Reputation: 390
I have the dataframe like this:
Price Signal
0 28.68 -1
1 33.36 1
2 44.7 -1
3 43.38 1 ---- smaller than Price[2] # False: Drop row[3,4]
4 41.67 -1
5 42.17 1 ---- smaller than Price[2] # False: Drop row[5,6]
6 44.21 -1
7 46.34 1 ---- greater than Price[2] # True: Keep
8 45.2 -1
9 43.4 1 ---- Still Keep because it is the last row
My logic is keep the row if the signal 1 has price greater than the one before.

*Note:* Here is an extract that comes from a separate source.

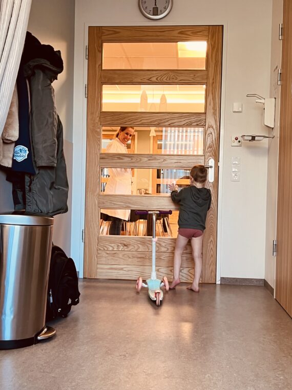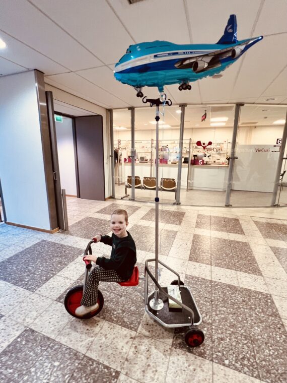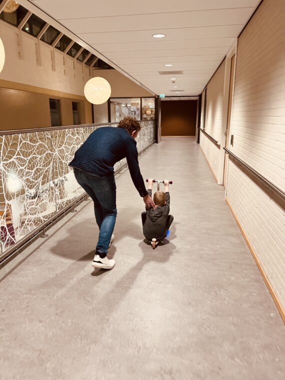 Isolatie met een klein meisje van 3 hadden we al eerder meegemaakt in Venlo, maar ik moet meteen erbij zeggen dat ( een heel ziek) meisje van 3 en een “relatief ziek” meisje van 4 echt weer een nieuwe dimensie is. Waar Maxime vorig jaar nog makkelijk bezig te houden was op een kamer, hebben we nu een kleuter die zuchtend in bed zit, “wat is dit saaaaaaaiiiiiii” roept de hele dag en wel de hele dag bezig gehouden moet worden. Ze begrijpt niet voldoende waarom ze niet van de kamer af mag en wil steeds naar de speelkamer en fietsen over de afdeling, of naar de verpleging want dat heeft ze eigenlijk meestal wel kunnen doen als ze opgenomen was en er niet te slecht aan was. Helaas, deze keer dus niet, en dus trek je dan als ouder alles uit de kast om haar te entertainen zonder de hele dag aan een beeldscherm te zitten. Dat doe je met alle liefde en gaat prima, maar dat zijn wel heeeeeeeeele lange dagen….. In de avond probeerden we dan wel, als de afdeling rustig, en het ziekenhuis “verlaten” was, even een fietsje of step met haar te pakken en een rondje door het ziekenhuis te doen. het uitje van de dag zeg maar.
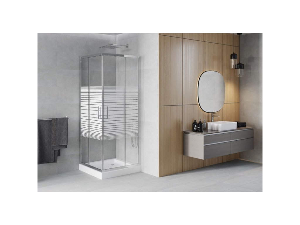 Mexen Rio sprchový kút štvorcový 80 x 80 cm, pásy, profil chróm + sprchová vanička Rio, biela - 860-080-080-01-20-4510

If not it will drop its row and the next row since the signal must interspersed between -1 and 1 and also must compare the next signal 1 with the last one above (I have explained in the snapshot of my dataframe above).
The last one Signal 1 still keep although it is not sastified the condition because rule is the last one item of Signal column must be 1
Until now my effort is here:
def filter_sell(df):
# For export the result
filtered_sell_df = pd.DataFrame()
for i in range(0, len(df) + 1):
if df.iloc[i]["Signal"] == 1:
if df.iloc[i]["Price"] > df.iloc[i - 1]["Price"]:
pass
else:
try:
df.drop([i, i + 1])
filter_sell(df)
# Try to handle the i + 1 above since len(df) is changed
except RecursionError:
break
else:
pass
I'm new with writing recursion, thanks for your help!
Upvotes: 1
Views: 243
Reputation: 11222
You can do it without recursion
. By the way your approach will be slow because you call .drop()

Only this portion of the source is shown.